The system typically serves many customers through shared infrastructure. Context isolation between sessions must prevent one customer's data from leaking into another's context. The knowledge base is a shared resource: anyone who can write to the corpus can influence how the agent handles all customer interactions when those documents are retrieved.
Interaction effects
- Agent loop + transactional tools + prompt injection: Unlike RAG-only systems where compromise affects text output, a successful prompt injection here can trigger real-world actions - processing fraudulent refunds, modifying accounts, or exfiltrating customer data through tool calls. The blast radius extends from text quality to financial and operational consequences.
- Agentic RAG + tools + policy enforcement: The agent retrieves policy documents and uses them to make authorization decisions (e.g., refund eligibility, discount limits). If the knowledge base contains incorrect or manipulated policy content, the agent may authorize actions beyond intended limits - a context poisoning vector with direct financial impact.

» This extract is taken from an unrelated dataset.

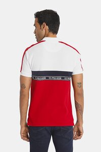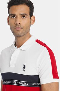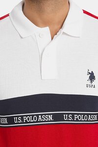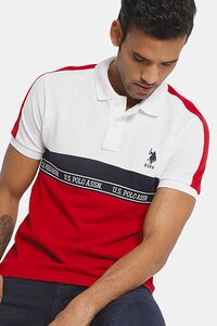 U.S. Polo Men White And Red Brand Tape Colour Block Polo Shirt

- Customer data in context + multi-turn accumulation: Customer PII enters context from CRM lookups and conversation, accumulating across turns. Each tool result adds more sensitive data (order details, payment information, account history). A successful prompt injection late in a conversation has access to all previously loaded PII, amplifying the data exfiltration risk.
- Human escalation + agent confidence: The model decides when to escalate to human agents. Goal manipulation or prompt injection can suppress escalation, keeping the conversation under attacker influence when it should have been routed to a human. Conversely, misaligned model behaviors like sycophancy can lead the agent to grant unauthorized concessions rather than escalating.
- Multi-tenant + shared knowledge base: Multiple customers interact with the same system and knowledge base. Insufficient session isolation creates cross-tenant data leakage risk, while the shared corpus creates a single context poisoning surface that affects all customers when manipulated documents are retrieved.
Threats
| Threat | Relevance | Note |
|---|---|---|
| Prompt injection | Primary | Customer messages, knowledge base docs, and CRM data can direct transactional tools |
| Context poisoning | Primary | Poisoned knowledge base documents have direct financial impact through tool-mediated actions |
| Tool misuse | Primary | Wrong refund amounts, wrong account modifications; real financial consequences |
| Data exfiltration | Elevated | Customer PII accumulates across turns from CRM lookups and conversation |
| Cross-tenant / cross-session data leakage | Elevated | Multi-tenant shared infrastructure; customer data isolation failures |
| Goal manipulation | Elevated | Suppressing escalation, redirecting toward unauthorized refunds or account changes |
| Tool output poisoning | Elevated | Corrupted CRM or backend data hijacks subsequent reasoning |
| Misaligned model behaviors | Elevated | Sycophancy leads to unauthorized concessions; skipping verification before transactions |
| Hallucination exploitation | Elevated | Incorrect policy interpretations cause inappropriate transactional actions |
| Guardrail bypass | Elevated | Circumventing action authorization, PII filters; multi-turn jailbreaking |
| Denial of service | Elevated | Tool-call loops exhaust backend resources or inflate inference costs |
| System prompt extraction | Standard | Revealing tool schemas or internal policy rules |
| User manipulation | Standard | Customer trust in retrieval-grounded responses |
| Training data poisoning | Standard | Baseline risk, no architecture-specific amplifier |
Examples
- An e-commerce support agent that looks up orders, processes returns and refunds, and retrieves from a help center knowledge base.
- A banking support agent that checks account balances, initiates disputes, and answers policy questions from internal documentation.
- A telecom support agent that modifies plans, troubleshoots service issues using diagnostic tools, and escalates to human agents for complex billing disputes.